I'd ask you to write out the lines below exactly, with no images.

### GIVEN RECORDS
┄┄┄┄┄┄

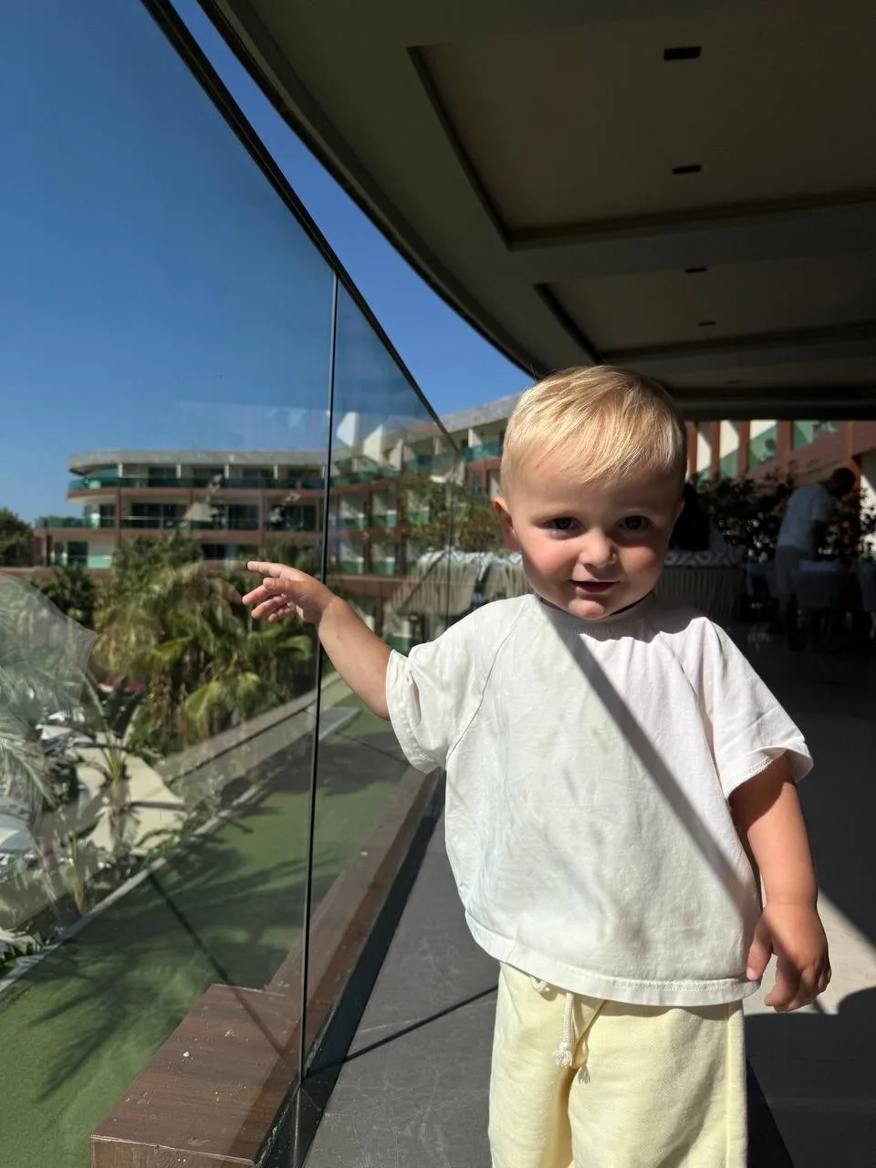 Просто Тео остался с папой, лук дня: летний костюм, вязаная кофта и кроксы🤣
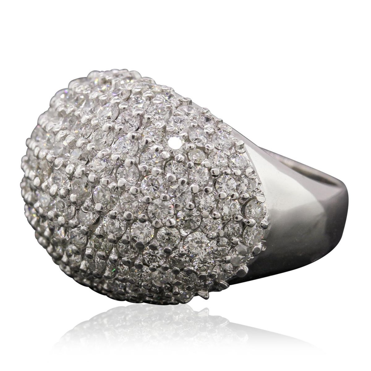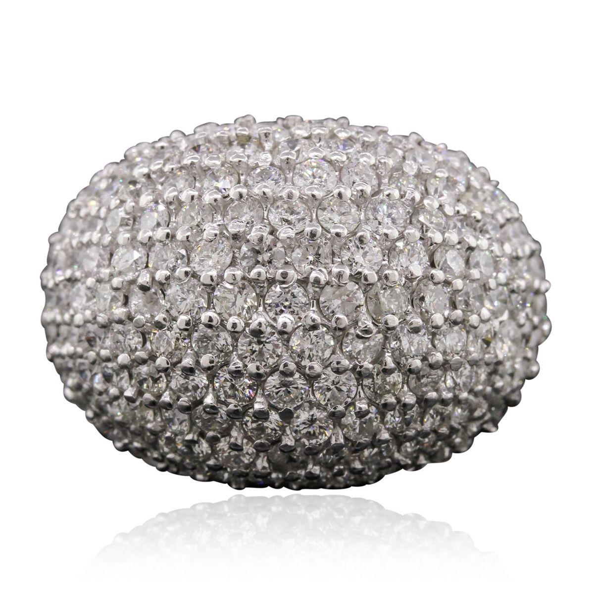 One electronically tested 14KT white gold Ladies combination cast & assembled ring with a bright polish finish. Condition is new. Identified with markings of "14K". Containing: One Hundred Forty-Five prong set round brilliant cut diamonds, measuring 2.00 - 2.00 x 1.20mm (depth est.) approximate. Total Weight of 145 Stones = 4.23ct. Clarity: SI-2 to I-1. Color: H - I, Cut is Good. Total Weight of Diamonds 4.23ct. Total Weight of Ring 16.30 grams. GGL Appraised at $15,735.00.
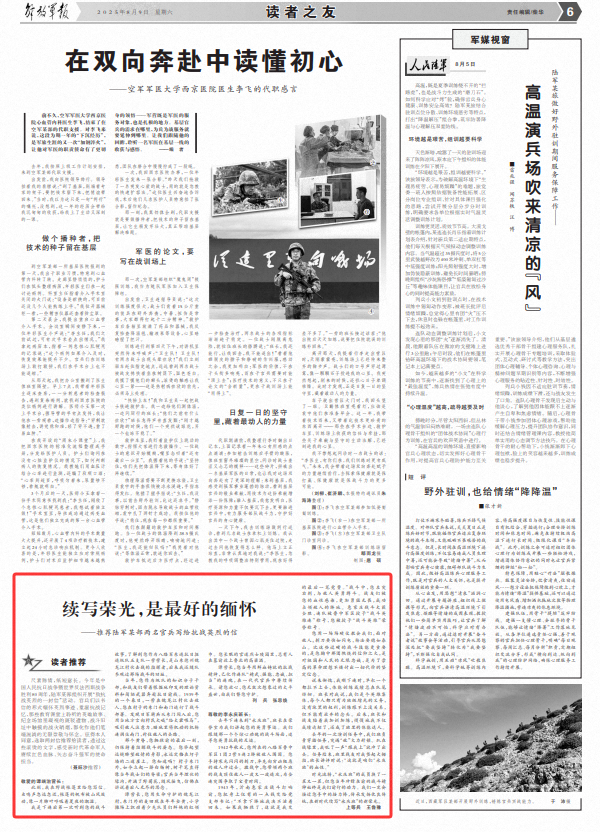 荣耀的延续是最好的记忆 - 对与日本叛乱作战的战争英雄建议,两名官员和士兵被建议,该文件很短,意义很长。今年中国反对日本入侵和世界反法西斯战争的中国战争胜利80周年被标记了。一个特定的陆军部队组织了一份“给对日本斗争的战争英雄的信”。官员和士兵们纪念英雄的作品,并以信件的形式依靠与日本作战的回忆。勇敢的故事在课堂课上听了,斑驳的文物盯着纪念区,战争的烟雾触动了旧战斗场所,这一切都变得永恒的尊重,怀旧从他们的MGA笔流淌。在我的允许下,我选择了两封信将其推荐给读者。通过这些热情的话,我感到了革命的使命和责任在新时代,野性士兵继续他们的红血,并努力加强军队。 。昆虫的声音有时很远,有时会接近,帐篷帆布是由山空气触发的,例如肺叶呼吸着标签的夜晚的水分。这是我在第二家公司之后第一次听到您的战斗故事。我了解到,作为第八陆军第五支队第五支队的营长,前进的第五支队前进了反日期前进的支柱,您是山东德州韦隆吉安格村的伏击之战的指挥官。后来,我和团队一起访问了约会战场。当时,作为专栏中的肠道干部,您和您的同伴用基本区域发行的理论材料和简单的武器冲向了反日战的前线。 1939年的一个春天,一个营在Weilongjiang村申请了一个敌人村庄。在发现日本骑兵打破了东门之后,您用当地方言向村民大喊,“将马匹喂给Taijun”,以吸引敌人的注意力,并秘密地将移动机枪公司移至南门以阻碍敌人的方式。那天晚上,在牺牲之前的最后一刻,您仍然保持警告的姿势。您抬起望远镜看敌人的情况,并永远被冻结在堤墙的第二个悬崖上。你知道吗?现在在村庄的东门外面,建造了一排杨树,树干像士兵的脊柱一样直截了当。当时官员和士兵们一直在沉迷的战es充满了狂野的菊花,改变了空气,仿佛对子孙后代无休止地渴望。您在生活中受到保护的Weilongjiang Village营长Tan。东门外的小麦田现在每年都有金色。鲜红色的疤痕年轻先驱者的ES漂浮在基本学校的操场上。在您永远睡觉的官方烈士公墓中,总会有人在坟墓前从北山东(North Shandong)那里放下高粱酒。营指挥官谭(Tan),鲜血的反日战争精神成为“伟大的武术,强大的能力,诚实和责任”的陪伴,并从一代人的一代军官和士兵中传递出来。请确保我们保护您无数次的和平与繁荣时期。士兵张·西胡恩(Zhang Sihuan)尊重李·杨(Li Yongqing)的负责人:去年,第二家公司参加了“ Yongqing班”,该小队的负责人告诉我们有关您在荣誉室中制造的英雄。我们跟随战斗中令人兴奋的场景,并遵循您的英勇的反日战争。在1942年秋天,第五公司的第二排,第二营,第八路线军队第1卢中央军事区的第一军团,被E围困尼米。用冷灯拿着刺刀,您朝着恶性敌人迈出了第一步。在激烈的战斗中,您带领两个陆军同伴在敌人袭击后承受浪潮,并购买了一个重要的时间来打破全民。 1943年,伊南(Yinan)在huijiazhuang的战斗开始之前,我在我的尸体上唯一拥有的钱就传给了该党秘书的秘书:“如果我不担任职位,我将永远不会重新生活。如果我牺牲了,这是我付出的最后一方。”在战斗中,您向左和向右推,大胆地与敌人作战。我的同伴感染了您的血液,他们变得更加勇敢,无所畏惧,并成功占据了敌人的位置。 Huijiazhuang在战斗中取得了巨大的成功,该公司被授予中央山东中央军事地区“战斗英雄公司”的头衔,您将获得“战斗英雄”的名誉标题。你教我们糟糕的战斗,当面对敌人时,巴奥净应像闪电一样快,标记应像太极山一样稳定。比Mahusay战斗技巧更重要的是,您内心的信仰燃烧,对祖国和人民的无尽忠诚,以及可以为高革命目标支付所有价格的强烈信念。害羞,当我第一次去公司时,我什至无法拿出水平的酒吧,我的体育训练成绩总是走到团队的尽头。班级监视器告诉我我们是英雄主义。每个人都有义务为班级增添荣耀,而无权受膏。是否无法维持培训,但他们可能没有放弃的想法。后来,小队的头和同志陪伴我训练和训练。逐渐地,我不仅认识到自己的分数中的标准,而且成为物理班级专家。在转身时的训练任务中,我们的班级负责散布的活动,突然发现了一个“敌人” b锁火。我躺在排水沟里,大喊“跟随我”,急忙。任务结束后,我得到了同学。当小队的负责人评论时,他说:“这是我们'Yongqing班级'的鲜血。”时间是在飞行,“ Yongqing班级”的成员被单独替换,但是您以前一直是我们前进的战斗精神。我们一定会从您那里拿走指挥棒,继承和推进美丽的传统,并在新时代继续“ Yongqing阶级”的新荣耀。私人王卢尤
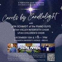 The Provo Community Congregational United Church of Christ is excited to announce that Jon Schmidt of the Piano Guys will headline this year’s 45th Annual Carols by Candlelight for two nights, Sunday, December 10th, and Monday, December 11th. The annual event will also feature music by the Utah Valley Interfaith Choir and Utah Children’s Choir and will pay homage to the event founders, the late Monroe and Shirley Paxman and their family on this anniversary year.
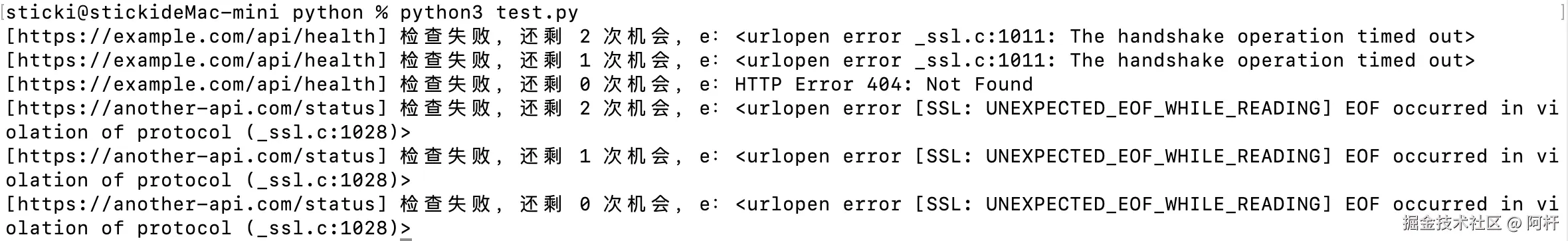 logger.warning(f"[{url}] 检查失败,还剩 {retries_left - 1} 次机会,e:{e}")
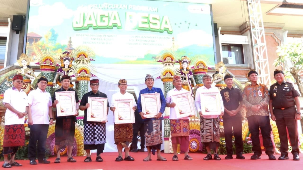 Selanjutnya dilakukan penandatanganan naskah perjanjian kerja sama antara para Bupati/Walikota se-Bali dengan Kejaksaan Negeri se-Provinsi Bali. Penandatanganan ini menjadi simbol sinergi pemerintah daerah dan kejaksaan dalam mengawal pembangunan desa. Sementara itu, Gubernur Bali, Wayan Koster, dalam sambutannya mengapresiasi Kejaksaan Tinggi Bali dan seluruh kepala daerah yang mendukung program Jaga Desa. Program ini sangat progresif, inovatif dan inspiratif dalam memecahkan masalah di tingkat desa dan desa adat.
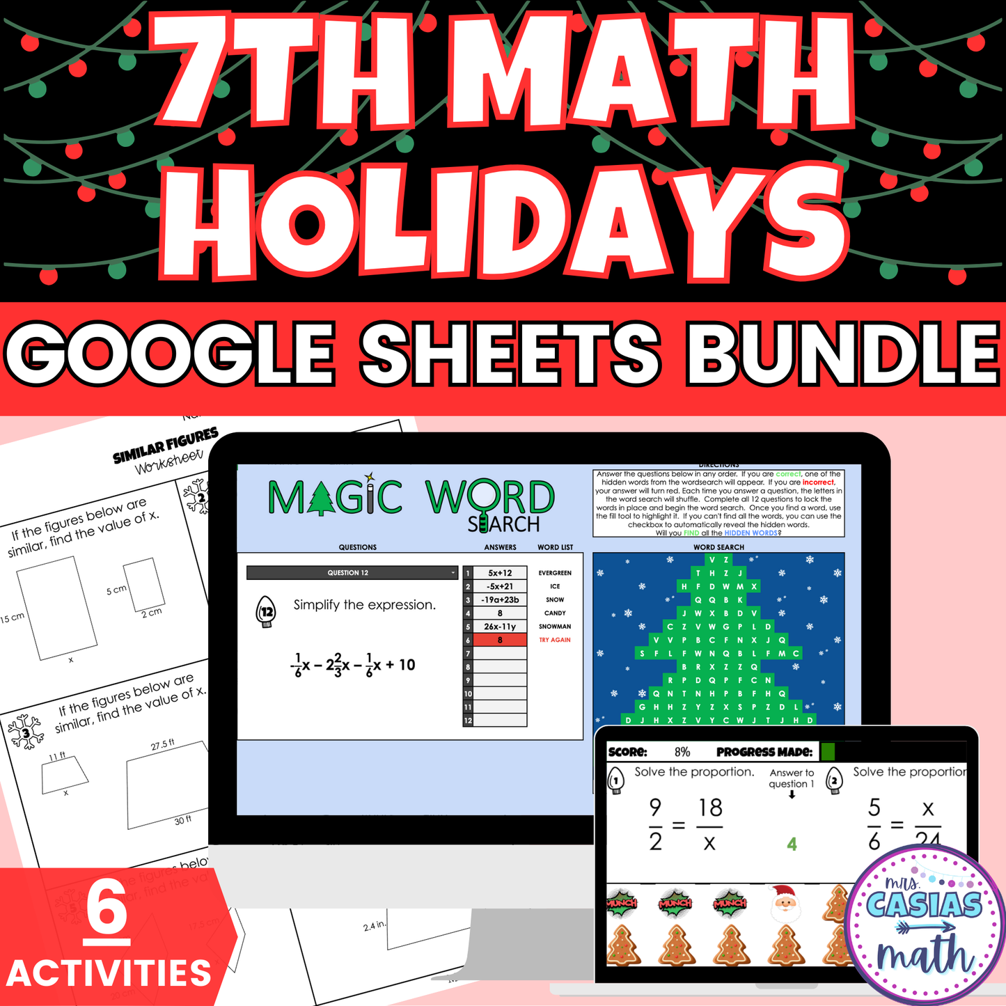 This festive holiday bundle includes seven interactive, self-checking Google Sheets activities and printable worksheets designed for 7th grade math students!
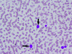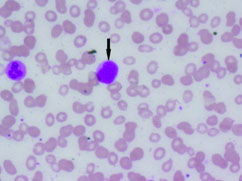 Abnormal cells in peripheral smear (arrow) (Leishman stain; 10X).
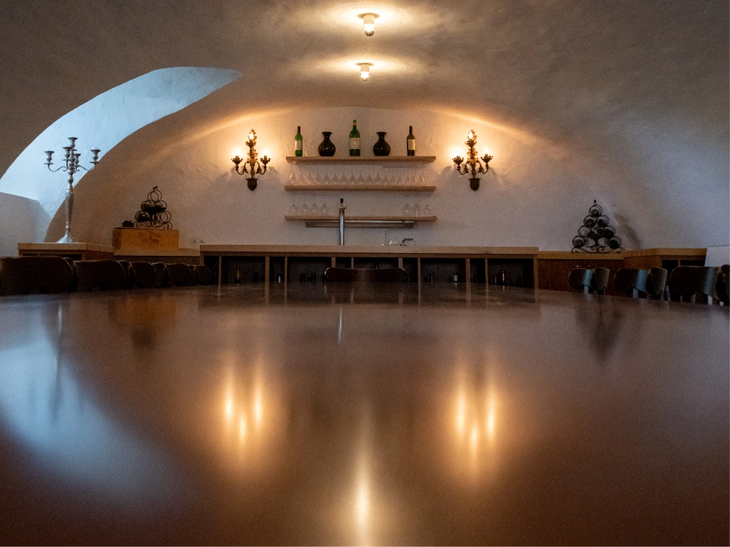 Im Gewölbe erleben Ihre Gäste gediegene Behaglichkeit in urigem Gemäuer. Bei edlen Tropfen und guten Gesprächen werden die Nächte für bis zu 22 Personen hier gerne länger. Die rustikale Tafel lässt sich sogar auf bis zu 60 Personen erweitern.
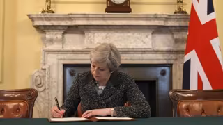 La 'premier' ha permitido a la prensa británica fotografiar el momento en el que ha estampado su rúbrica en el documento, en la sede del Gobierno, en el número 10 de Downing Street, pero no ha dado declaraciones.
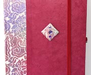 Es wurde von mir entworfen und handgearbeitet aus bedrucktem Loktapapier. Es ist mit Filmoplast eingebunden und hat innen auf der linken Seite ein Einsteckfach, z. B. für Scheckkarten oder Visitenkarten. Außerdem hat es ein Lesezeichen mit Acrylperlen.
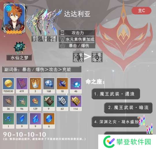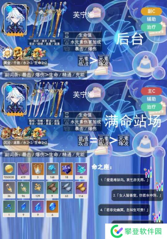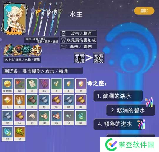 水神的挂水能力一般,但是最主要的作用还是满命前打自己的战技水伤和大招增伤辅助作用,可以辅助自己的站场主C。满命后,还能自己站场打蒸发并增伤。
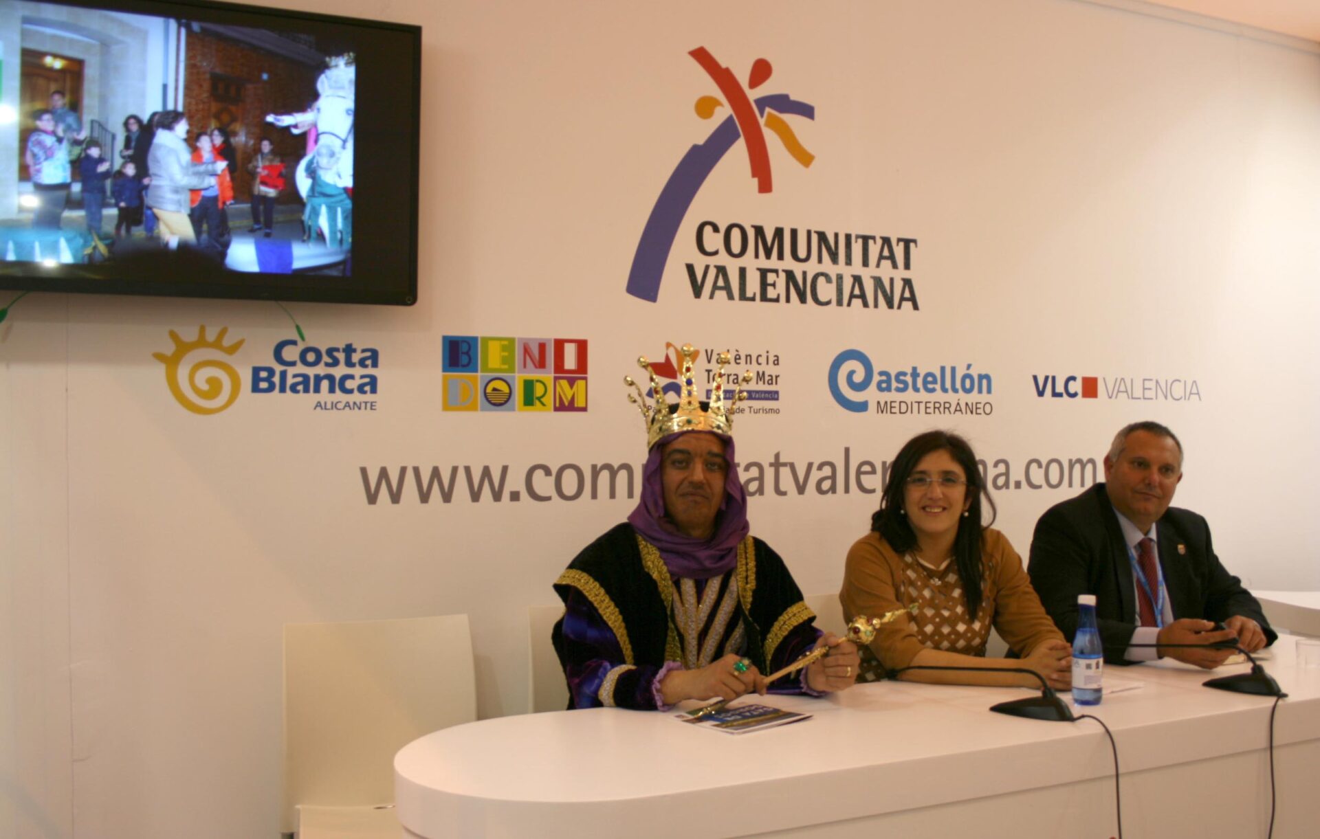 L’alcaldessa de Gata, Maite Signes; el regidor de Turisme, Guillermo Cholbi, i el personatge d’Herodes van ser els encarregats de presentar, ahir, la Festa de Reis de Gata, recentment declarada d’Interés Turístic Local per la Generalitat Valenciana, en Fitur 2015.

┄┄┄┄┄┄

### TASK SOLUTION
 Просто Тео остался с папой, лук дня: летний костюм, вязаная кофта и кроксы🤣
 One electronically tested 14KT white gold Ladies combination cast & assembled ring with a bright polish finish. Condition is new. Identified with markings of "14K". Containing: One Hundred Forty-Five prong set round brilliant cut diamonds, measuring 2.00 - 2.00 x 1.20mm (depth est.) approximate. Total Weight of 145 Stones = 4.23ct. Clarity: SI-2 to I-1. Color: H - I, Cut is Good. Total Weight of Diamonds 4.23ct. Total Weight of Ring 16.30 grams. GGL Appraised at $15,735.00.
 荣耀的延续是最好的记忆 - 对与日本叛乱作战的战争英雄建议,两名官员和士兵被建议,该文件很短,意义很长。今年中国反对日本入侵和世界反法西斯战争的中国战争胜利80周年被标记了。一个特定的陆军部队组织了一份“给对日本斗争的战争英雄的信”。官员和士兵们纪念英雄的作品,并以信件的形式依靠与日本作战的回忆。勇敢的故事在课堂课上听了,斑驳的文物盯着纪念区,战争的烟雾触动了旧战斗场所,这一切都变得永恒的尊重,怀旧从他们的MGA笔流淌。在我的允许下,我选择了两封信将其推荐给读者。通过这些热情的话,我感到了革命的使命和责任在新时代,野性士兵继续他们的红血,并努力加强军队。 。昆虫的声音有时很远,有时会接近,帐篷帆布是由山空气触发的,例如肺叶呼吸着标签的夜晚的水分。这是我在第二家公司之后第一次听到您的战斗故事。我了解到,作为第八陆军第五支队第五支队的营长,前进的第五支队前进了反日期前进的支柱,您是山东德州韦隆吉安格村的伏击之战的指挥官。后来,我和团队一起访问了约会战场。当时,作为专栏中的肠道干部,您和您的同伴用基本区域发行的理论材料和简单的武器冲向了反日战的前线。 1939年的一个春天,一个营在Weilongjiang村申请了一个敌人村庄。在发现日本骑兵打破了东门之后,您用当地方言向村民大喊,“将马匹喂给Taijun”,以吸引敌人的注意力,并秘密地将移动机枪公司移至南门以阻碍敌人的方式。那天晚上,在牺牲之前的最后一刻,您仍然保持警告的姿势。您抬起望远镜看敌人的情况,并永远被冻结在堤墙的第二个悬崖上。你知道吗?现在在村庄的东门外面,建造了一排杨树,树干像士兵的脊柱一样直截了当。当时官员和士兵们一直在沉迷的战es充满了狂野的菊花,改变了空气,仿佛对子孙后代无休止地渴望。您在生活中受到保护的Weilongjiang Village营长Tan。东门外的小麦田现在每年都有金色。鲜红色的疤痕年轻先驱者的ES漂浮在基本学校的操场上。在您永远睡觉的官方烈士公墓中,总会有人在坟墓前从北山东(North Shandong)那里放下高粱酒。营指挥官谭(Tan),鲜血的反日战争精神成为“伟大的武术,强大的能力,诚实和责任”的陪伴,并从一代人的一代军官和士兵中传递出来。请确保我们保护您无数次的和平与繁荣时期。士兵张·西胡恩(Zhang Sihuan)尊重李·杨(Li Yongqing)的负责人:去年,第二家公司参加了“ Yongqing班”,该小队的负责人告诉我们有关您在荣誉室中制造的英雄。我们跟随战斗中令人兴奋的场景,并遵循您的英勇的反日战争。在1942年秋天,第五公司的第二排,第二营,第八路线军队第1卢中央军事区的第一军团,被E围困尼米。用冷灯拿着刺刀,您朝着恶性敌人迈出了第一步。在激烈的战斗中,您带领两个陆军同伴在敌人袭击后承受浪潮,并购买了一个重要的时间来打破全民。 1943年,伊南(Yinan)在huijiazhuang的战斗开始之前,我在我的尸体上唯一拥有的钱就传给了该党秘书的秘书:“如果我不担任职位,我将永远不会重新生活。如果我牺牲了,这是我付出的最后一方。”在战斗中,您向左和向右推,大胆地与敌人作战。我的同伴感染了您的血液,他们变得更加勇敢,无所畏惧,并成功占据了敌人的位置。 Huijiazhuang在战斗中取得了巨大的成功,该公司被授予中央山东中央军事地区“战斗英雄公司”的头衔,您将获得“战斗英雄”的名誉标题。你教我们糟糕的战斗,当面对敌人时,巴奥净应像闪电一样快,标记应像太极山一样稳定。比Mahusay战斗技巧更重要的是,您内心的信仰燃烧,对祖国和人民的无尽忠诚,以及可以为高革命目标支付所有价格的强烈信念。害羞,当我第一次去公司时,我什至无法拿出水平的酒吧,我的体育训练成绩总是走到团队的尽头。班级监视器告诉我我们是英雄主义。每个人都有义务为班级增添荣耀,而无权受膏。是否无法维持培训,但他们可能没有放弃的想法。后来,小队的头和同志陪伴我训练和训练。逐渐地,我不仅认识到自己的分数中的标准,而且成为物理班级专家。在转身时的训练任务中,我们的班级负责散布的活动,突然发现了一个“敌人” b锁火。我躺在排水沟里,大喊“跟随我”,急忙。任务结束后,我得到了同学。当小队的负责人评论时,他说:“这是我们'Yongqing班级'的鲜血。”时间是在飞行,“ Yongqing班级”的成员被单独替换,但是您以前一直是我们前进的战斗精神。我们一定会从您那里拿走指挥棒,继承和推进美丽的传统,并在新时代继续“ Yongqing阶级”的新荣耀。私人王卢尤
 The Provo Community Congregational United Church of Christ is excited to announce that Jon Schmidt of the Piano Guys will headline this year’s 45th Annual Carols by Candlelight for two nights, Sunday, December 10th, and Monday, December 11th. The annual event will also feature music by the Utah Valley Interfaith Choir and Utah Children’s Choir and will pay homage to the event founders, the late Monroe and Shirley Paxman and their family on this anniversary year.
 logger.warning(f"[{url}] 检查失败,还剩 {retries_left - 1} 次机会,e:{e}")
 Selanjutnya dilakukan penandatanganan naskah perjanjian kerja sama antara para Bupati/Walikota se-Bali dengan Kejaksaan Negeri se-Provinsi Bali. Penandatanganan ini menjadi simbol sinergi pemerintah daerah dan kejaksaan dalam mengawal pembangunan desa. Sementara itu, Gubernur Bali, Wayan Koster, dalam sambutannya mengapresiasi Kejaksaan Tinggi Bali dan seluruh kepala daerah yang mendukung program Jaga Desa. Program ini sangat progresif, inovatif dan inspiratif dalam memecahkan masalah di tingkat desa dan desa adat.
 This festive holiday bundle includes seven interactive, self-checking Google Sheets activities and printable worksheets designed for 7th grade math students!
 Abnormal cells in peripheral smear (arrow) (Leishman stain; 10X).
 Im Gewölbe erleben Ihre Gäste gediegene Behaglichkeit in urigem Gemäuer. Bei edlen Tropfen und guten Gesprächen werden die Nächte für bis zu 22 Personen hier gerne länger. Die rustikale Tafel lässt sich sogar auf bis zu 60 Personen erweitern.
 La 'premier' ha permitido a la prensa británica fotografiar el momento en el que ha estampado su rúbrica en el documento, en la sede del Gobierno, en el número 10 de Downing Street, pero no ha dado declaraciones.
 Es wurde von mir entworfen und handgearbeitet aus bedrucktem Loktapapier. Es ist mit Filmoplast eingebunden und hat innen auf der linken Seite ein Einsteckfach, z. B. für Scheckkarten oder Visitenkarten. Außerdem hat es ein Lesezeichen mit Acrylperlen.
 水神的挂水能力一般,但是最主要的作用还是满命前打自己的战技水伤和大招增伤辅助作用,可以辅助自己的站场主C。满命后,还能自己站场打蒸发并增伤。
 L’alcaldessa de Gata, Maite Signes; el regidor de Turisme, Guillermo Cholbi, i el personatge d’Herodes van ser els encarregats de presentar, ahir, la Festa de Reis de Gata, recentment declarada d’Interés Turístic Local per la Generalitat Valenciana, en Fitur 2015.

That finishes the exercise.